Mum laughed and said, “You’re always hungry.”

The plate onto which she had ladled my bacon and eggs was flowery and made of an unfamiliar kind of pottery. While I was eating, Mum made tea and set a brown teapot on the table. Then she ate her own breakfast with me. I was glad it was a large helping in case I got lost time travelling and didn’t get any more chances to eat that day.

 “I would like you to polish the range later on, Jackie,” said Mum. “You’ll never forget it is there again once you take responsibility for that.”

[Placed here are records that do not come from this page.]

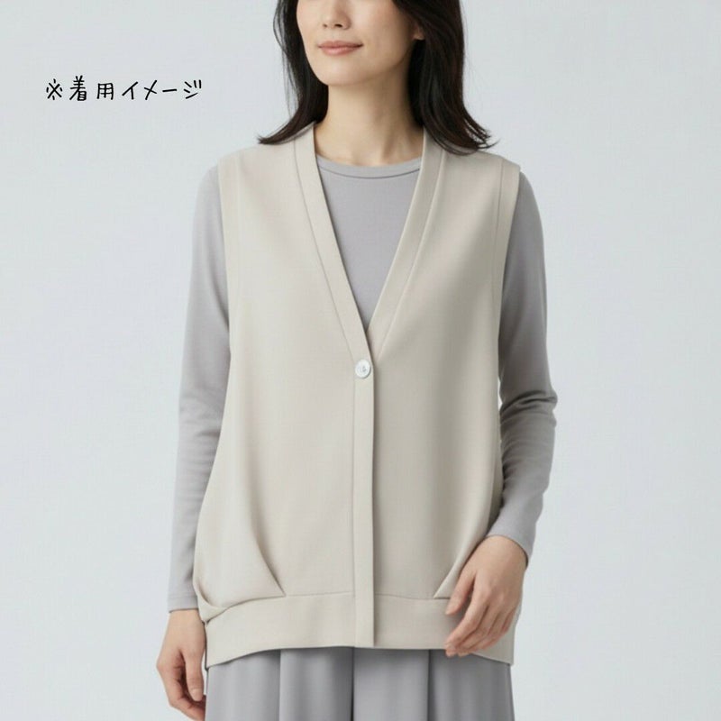 【新作】前開きワンボタン裾タック入りベスト(女性)
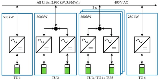 Figure 3 shows a detailed overview of the TU with their varying specifications and setups. TU 2–5 each consist of two identical power strings. Both power strings each provide half of the nominal power/energy of the TU. TU 3–5 are identical and shown only once.
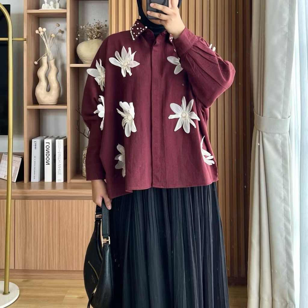 Lunara Bliss Atasan Oversize Wanita Jumbo Bahan Linen Angel Adem Tebal High Quality Bunga Lucu Simpel Busui Friendly Krah Payet Mewah Warna Hitam Navy Maroon Beige Turkish
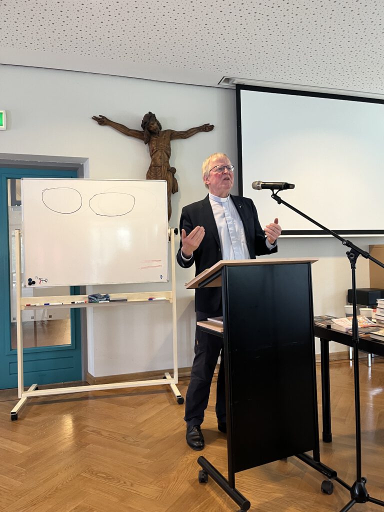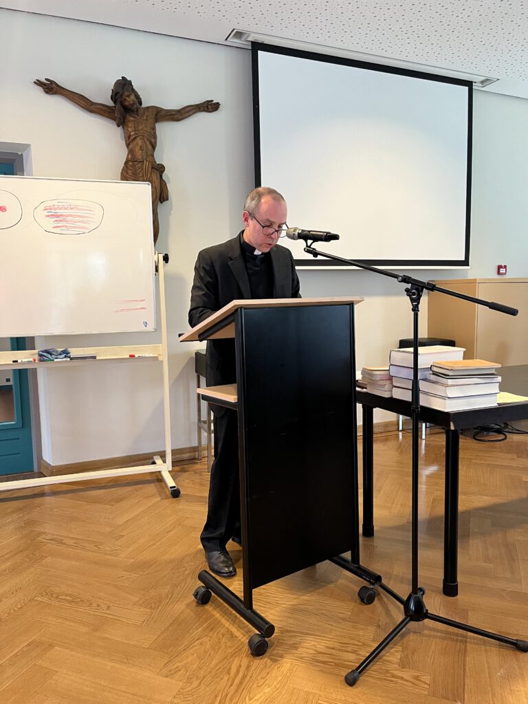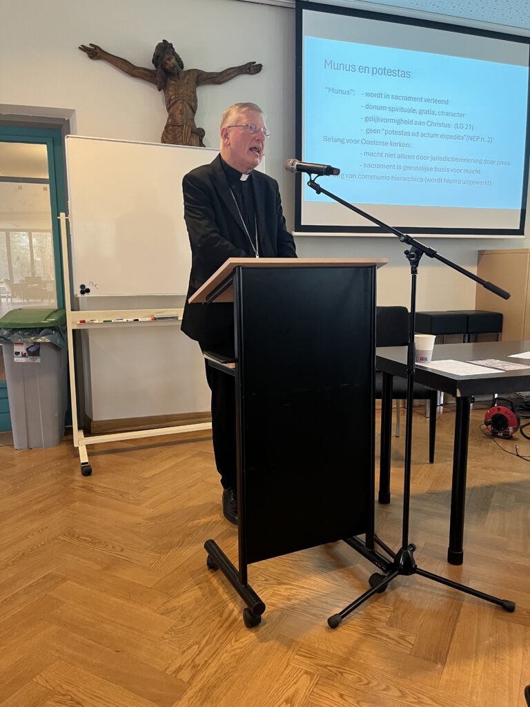 Vervolgens waren er drie lezingen over het concilie: eerst door onze bisschop, mgr. dr. J.W.M. Hendriks, over ‘Vaticanum II over munus en potestas bij de bisschopswijding’; vervolgens een lezing door dr. C. van Vliet, priester uit het bisdom Rotterdam en jarenlang docent aan onze opleiding, over ‘Vaticanum II als geschenk en opgave: synodaliteit als een van de vruchten van het concilie’; en ten slotte een lezing door dr. J. Vergara, priester van het Opus Dei in Maastricht, over de roeping van de leken in de Kerk en in de wereld.
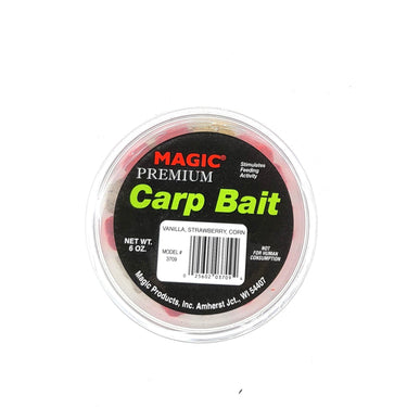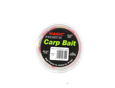 Magic® Premium Carp Bait is a great choice for instigating a memorable fight with those often-overlooked, broad-shouldered fish. This 100% biodegradable fish bait is formulated to retain its natural color and stay on the hook while releasing its powerful carp-attracting scent through the water. Mixed includes vanilla, corn and strawberry flavors. 6 oz.
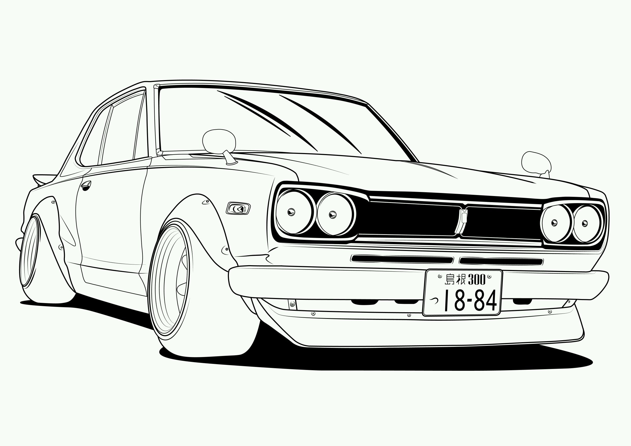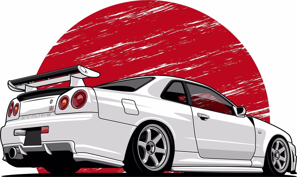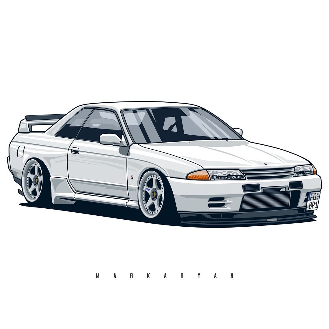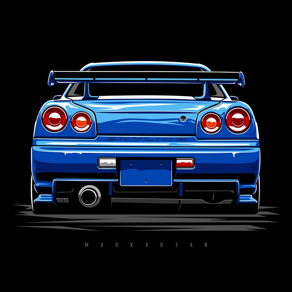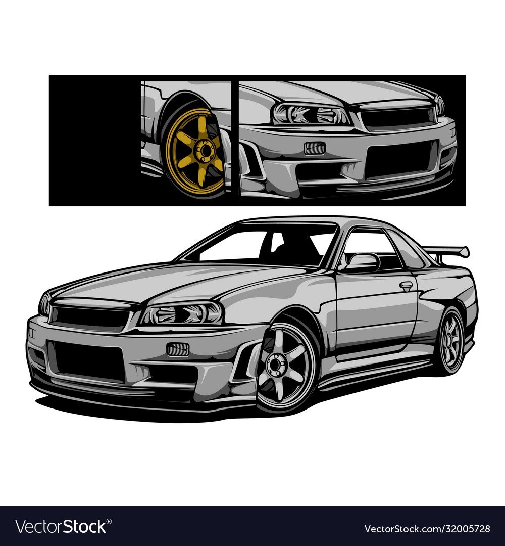 Ниссан Скайлайн ГТР 34 нарисовать сбоку

What horrible task was this? She must be joking. I didn’t know how I was going to escape being down on my knees polishing all that copper, and indeed how I could escape from this entire time zone. Then I suddenly had an idea. Maybe if I was to go back upstairs, the bedroom and bathroom might still be normal, and I might be able to get back into my own time.

“Excuse me, Mum,” I said, “I’m just going upstairs to fetch my handkerchief.” I didn’t have one really, I just used tissues, but I remembered that in Victorian times everyone had a handkerchief. I jumped up and hurried up the stairs.

Sure enough, the bedroom and bathroom were still the ones from the present day. I looked out of the window, and the front door was the present day one. But the only way to reach it from inside the house was through the kitchen.

Quickly I crawled out of the bedroom window and climbed down the ivy-covered ledges at the front of the house. I would have to be so very careful with that time experiment this afternoon, or better still not do it at all. Good job I didn’t live in a high rise flat.